• WHAT YOU NEED TO DO:
Word for word, transcribe the listing that follows, minus any pictures.

• DATA EXCERPTS:
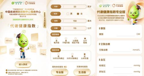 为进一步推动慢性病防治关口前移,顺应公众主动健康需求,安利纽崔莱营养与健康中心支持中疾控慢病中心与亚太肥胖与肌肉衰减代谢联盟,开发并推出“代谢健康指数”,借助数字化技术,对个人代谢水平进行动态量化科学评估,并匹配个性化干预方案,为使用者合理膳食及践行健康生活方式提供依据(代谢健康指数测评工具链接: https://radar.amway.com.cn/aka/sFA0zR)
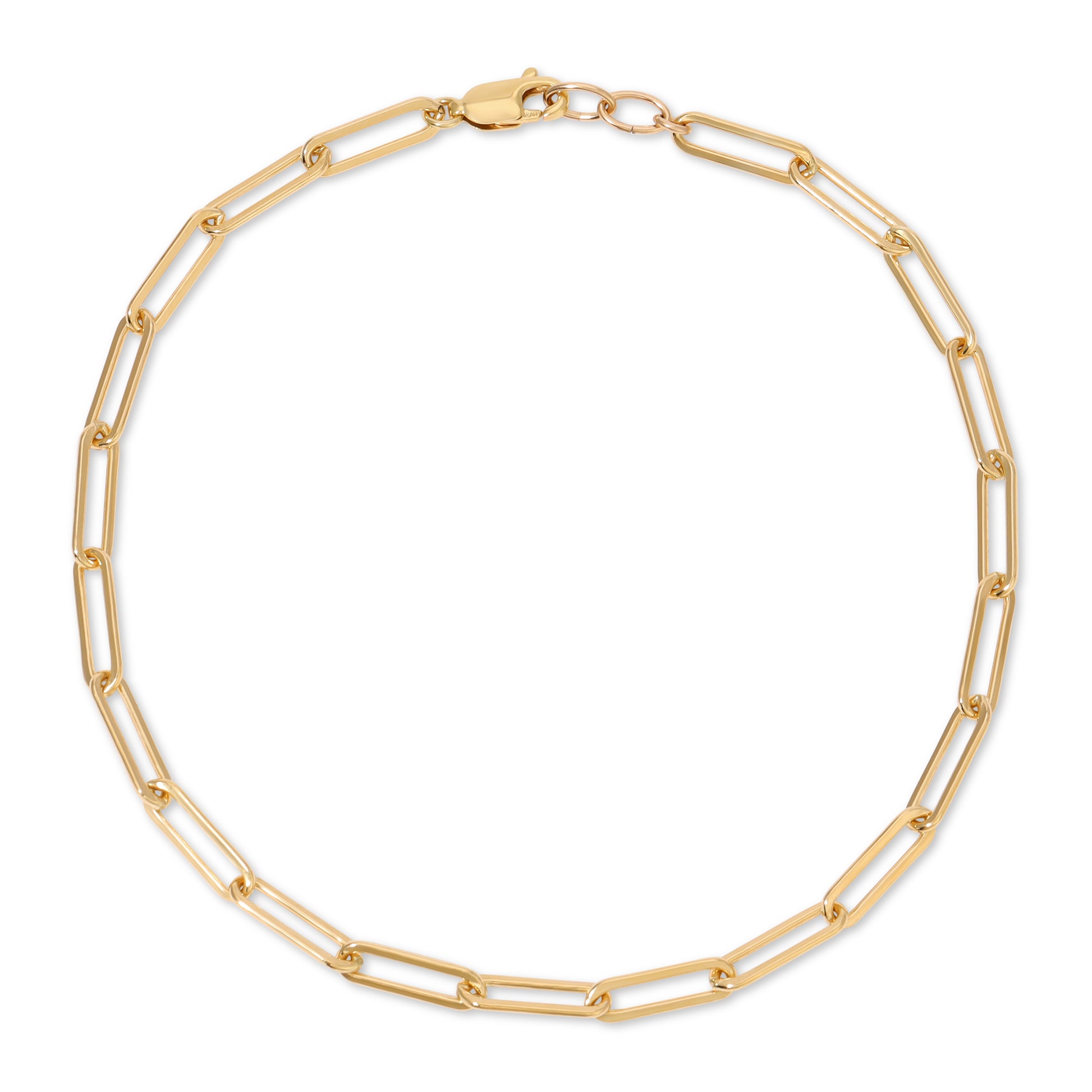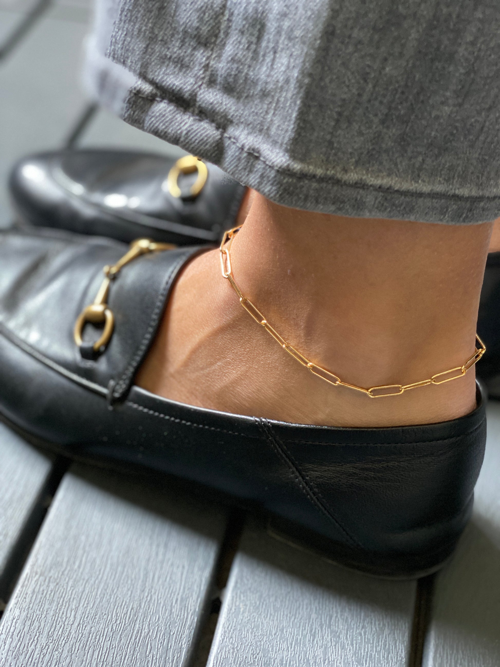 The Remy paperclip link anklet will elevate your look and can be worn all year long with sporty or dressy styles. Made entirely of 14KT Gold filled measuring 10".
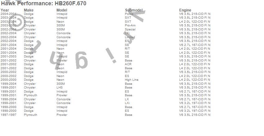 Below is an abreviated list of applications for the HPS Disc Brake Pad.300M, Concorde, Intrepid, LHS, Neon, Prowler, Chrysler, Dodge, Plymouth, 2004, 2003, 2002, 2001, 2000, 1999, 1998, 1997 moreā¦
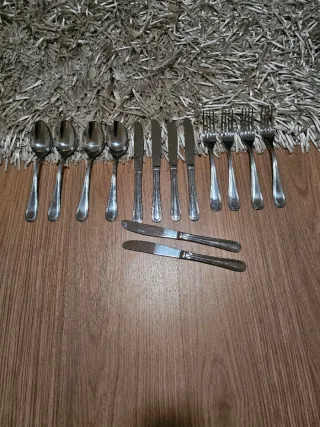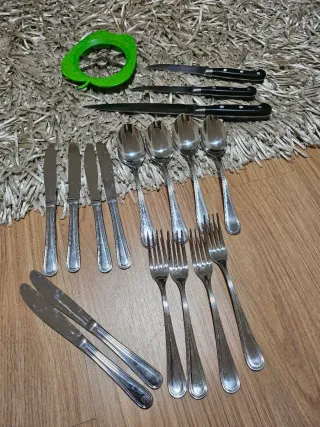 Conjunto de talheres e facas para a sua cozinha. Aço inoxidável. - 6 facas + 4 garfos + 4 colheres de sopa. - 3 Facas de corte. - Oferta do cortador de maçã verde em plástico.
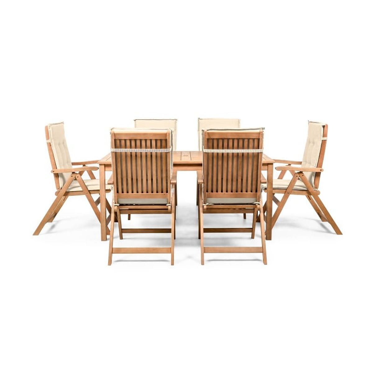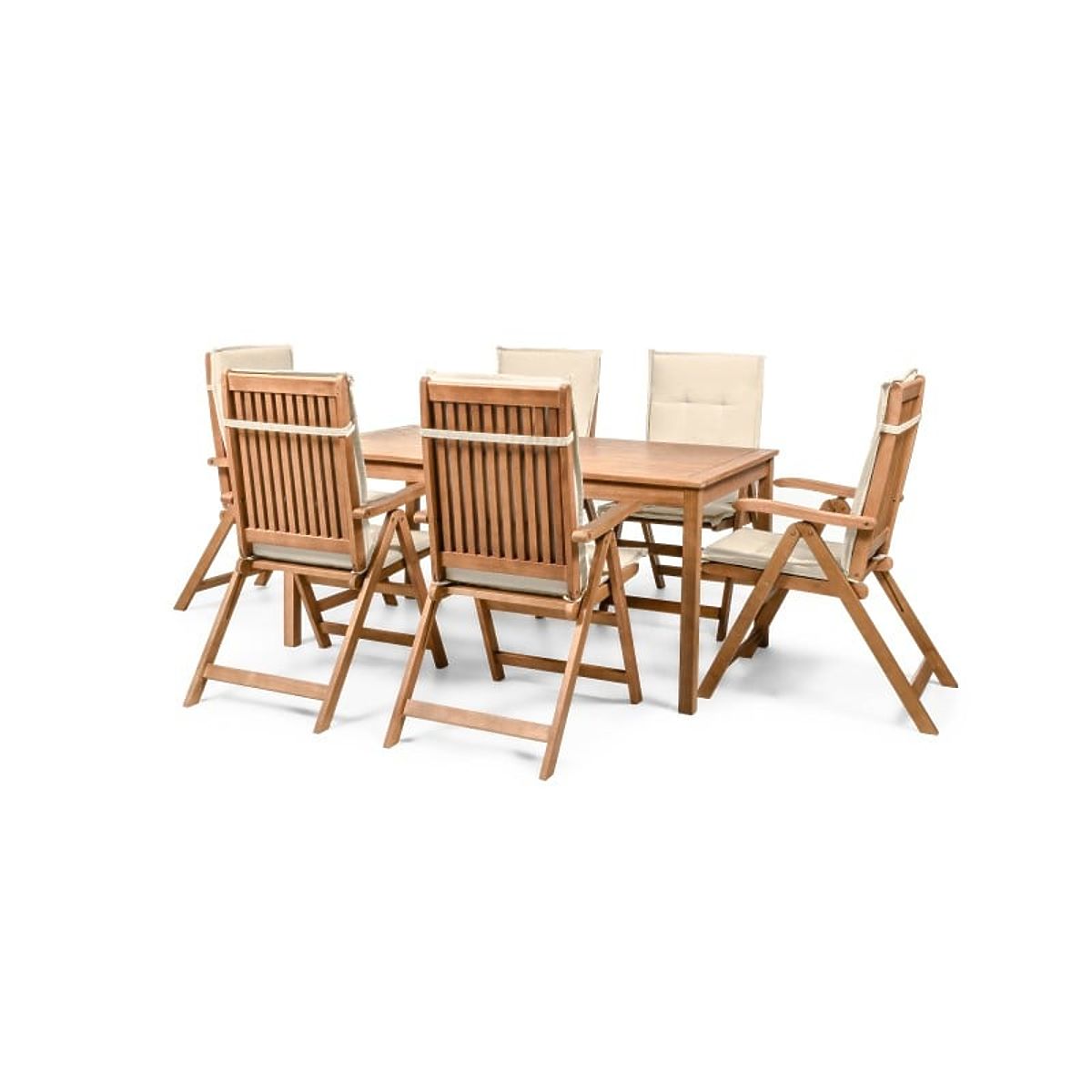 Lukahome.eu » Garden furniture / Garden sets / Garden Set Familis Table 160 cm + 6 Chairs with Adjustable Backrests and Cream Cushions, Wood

• EXERCISE ANSWER:
 为进一步推动慢性病防治关口前移,顺应公众主动健康需求,安利纽崔莱营养与健康中心支持中疾控慢病中心与亚太肥胖与肌肉衰减代谢联盟,开发并推出“代谢健康指数”,借助数字化技术,对个人代谢水平进行动态量化科学评估,并匹配个性化干预方案,为使用者合理膳食及践行健康生活方式提供依据(代谢健康指数测评工具链接: https://radar.amway.com.cn/aka/sFA0zR)
 The Remy paperclip link anklet will elevate your look and can be worn all year long with sporty or dressy styles. Made entirely of 14KT Gold filled measuring 10".
 Below is an abreviated list of applications for the HPS Disc Brake Pad.300M, Concorde, Intrepid, LHS, Neon, Prowler, Chrysler, Dodge, Plymouth, 2004, 2003, 2002, 2001, 2000, 1999, 1998, 1997 moreā¦
 Conjunto de talheres e facas para a sua cozinha. Aço inoxidável. - 6 facas + 4 garfos + 4 colheres de sopa. - 3 Facas de corte. - Oferta do cortador de maçã verde em plástico.
 Lukahome.eu » Garden furniture / Garden sets / Garden Set Familis Table 160 cm + 6 Chairs with Adjustable Backrests and Cream Cushions, Wood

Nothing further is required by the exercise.